WHAT TO DO: Reproduce the lines below exactly, from the one containing "校歌紹介では、農業クラブ役員" through the one containing "Roastbeef mit Paprika-Salsa", both included. Leave out any pictures.

THE RECORDS:
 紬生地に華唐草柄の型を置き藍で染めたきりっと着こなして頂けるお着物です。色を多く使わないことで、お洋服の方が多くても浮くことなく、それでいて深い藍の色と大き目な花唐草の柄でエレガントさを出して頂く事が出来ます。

---

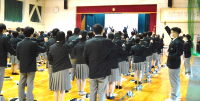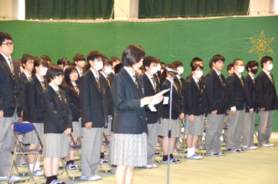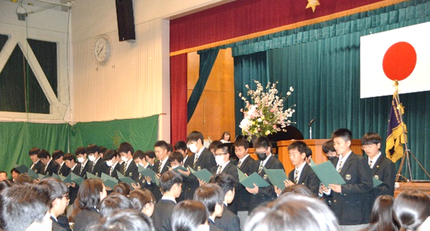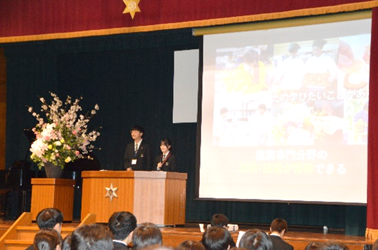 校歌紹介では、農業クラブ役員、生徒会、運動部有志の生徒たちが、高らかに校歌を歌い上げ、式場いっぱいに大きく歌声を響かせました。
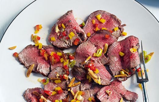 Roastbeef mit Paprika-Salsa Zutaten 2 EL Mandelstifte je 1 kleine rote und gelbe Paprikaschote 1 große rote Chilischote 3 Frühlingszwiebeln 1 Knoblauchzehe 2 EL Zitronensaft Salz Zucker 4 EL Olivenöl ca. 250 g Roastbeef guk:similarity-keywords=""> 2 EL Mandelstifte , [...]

* * *

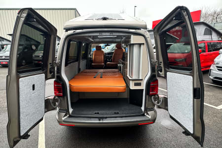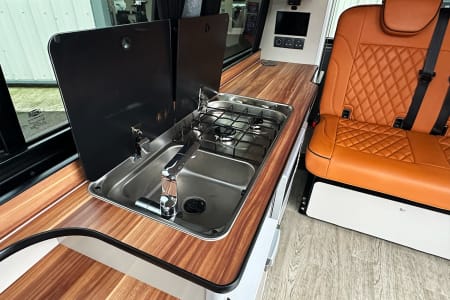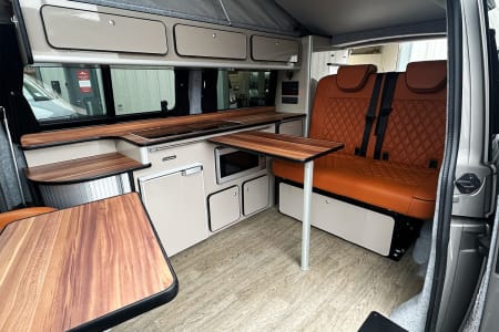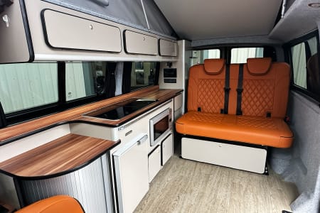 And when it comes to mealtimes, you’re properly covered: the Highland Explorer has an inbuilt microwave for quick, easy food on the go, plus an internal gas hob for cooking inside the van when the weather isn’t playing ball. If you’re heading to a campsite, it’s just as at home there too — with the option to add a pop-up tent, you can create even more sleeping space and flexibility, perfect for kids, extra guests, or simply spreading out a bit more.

SOLVED EXERCISE:
 校歌紹介では、農業クラブ役員、生徒会、運動部有志の生徒たちが、高らかに校歌を歌い上げ、式場いっぱいに大きく歌声を響かせました。
 Roastbeef mit Paprika-Salsa Zutaten 2 EL Mandelstifte je 1 kleine rote und gelbe Paprikaschote 1 große rote Chilischote 3 Frühlingszwiebeln 1 Knoblauchzehe 2 EL Zitronensaft Salz Zucker 4 EL Olivenöl ca. 250 g Roastbeef guk:similarity-keywords=""> 2 EL Mandelstifte , [...]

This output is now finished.